Reading Signs in the MediaLecture by Ayesha Mulla
HOC Winter 2015Indus Valley School of Art & Architecture
What is Semiotics?
Semiotics = the study of “signs” in everyday speech [and of anything which 'stands for' something else]
In this sense, “signs” = words, images, sounds, gestures and objects.
Semiotics: Definitions
Ferdinand De Saussure (1916): Semiotics is a science which studies the role of signs as part of social life
Charles Peirce (1931): Semiotics is the formal doctrine of signs. A sign is something which stands for something in some respect or capacity-- “every thought is a sign”
In semiotics, the basic unit of meaning is a sign. A sign is anything that makes meaning.
All signs have two aspects: the signifier and the signified. The signifier is any material thing that signifies, e.g., words on a page, a facial expression, a picture, graffiti. The signified is the concept that a signifier refers to.

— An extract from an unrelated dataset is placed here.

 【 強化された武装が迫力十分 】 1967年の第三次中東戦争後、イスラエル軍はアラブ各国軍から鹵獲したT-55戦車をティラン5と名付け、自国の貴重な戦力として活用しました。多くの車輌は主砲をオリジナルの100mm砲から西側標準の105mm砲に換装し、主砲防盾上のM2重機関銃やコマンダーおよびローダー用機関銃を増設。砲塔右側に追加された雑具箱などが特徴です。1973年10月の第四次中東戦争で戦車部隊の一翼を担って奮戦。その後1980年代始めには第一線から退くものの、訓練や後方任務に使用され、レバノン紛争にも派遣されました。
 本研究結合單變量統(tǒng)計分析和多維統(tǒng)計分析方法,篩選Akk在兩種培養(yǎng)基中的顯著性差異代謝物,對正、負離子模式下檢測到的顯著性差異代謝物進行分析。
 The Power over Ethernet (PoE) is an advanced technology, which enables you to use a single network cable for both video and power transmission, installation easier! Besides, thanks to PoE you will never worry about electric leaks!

Connotations = involve signifying signs
signs that become the signifier for a second signified (The second level of meaning)
What is “medium”?
The term 'medium' is used in a variety of ways. It includes broad categories such as: - speech- writing- print- broadcasting
Medium
A Medium is a particular form or system of communication
Mass media (radio, television, newspapers, magazines, books, photographs, films and records)
Media of interpersonal communication (telephone, letter, fax, e-mail, video-conferencing, computer-based chat systems)

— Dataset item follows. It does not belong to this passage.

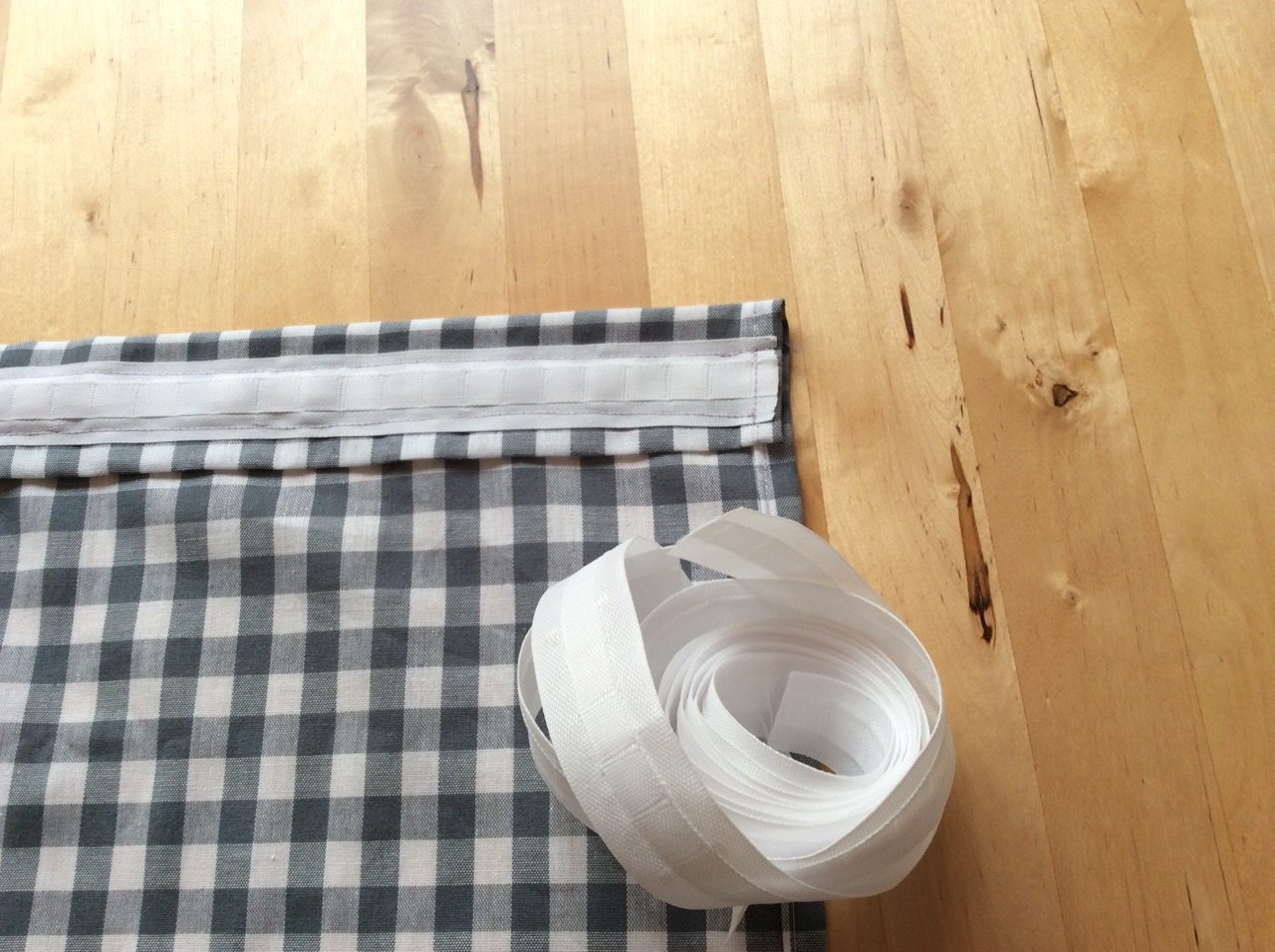 Het verschil is dat je nu een plooiband vastnaait aan het gordijn. Naai de plooiband niet strak tegen de bovenkant aan, anders krijg je geen mooi opstaand randje.
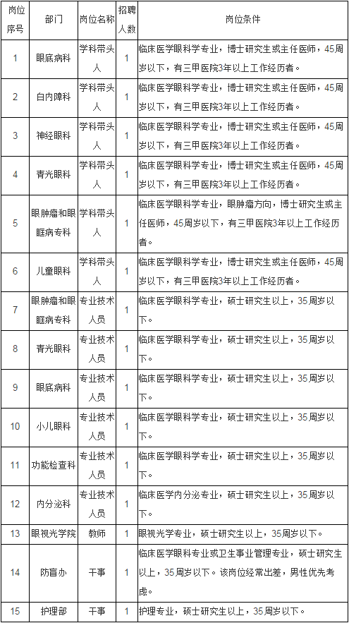 2016上半年江西南昌大學(xué)附屬眼科醫(yī)院高層次人才招聘公告【15人】

What does semiotics have to do with understanding Media?
Semiotics teaches us that reality is a system of signs.
Meaning is not 'transmitted' to us - we actively create it according to a complex system of codes or conventions of which we are normally unaware.
We live in a world of signs and we have no way of understanding anything except through signs and the codes into which they are organized.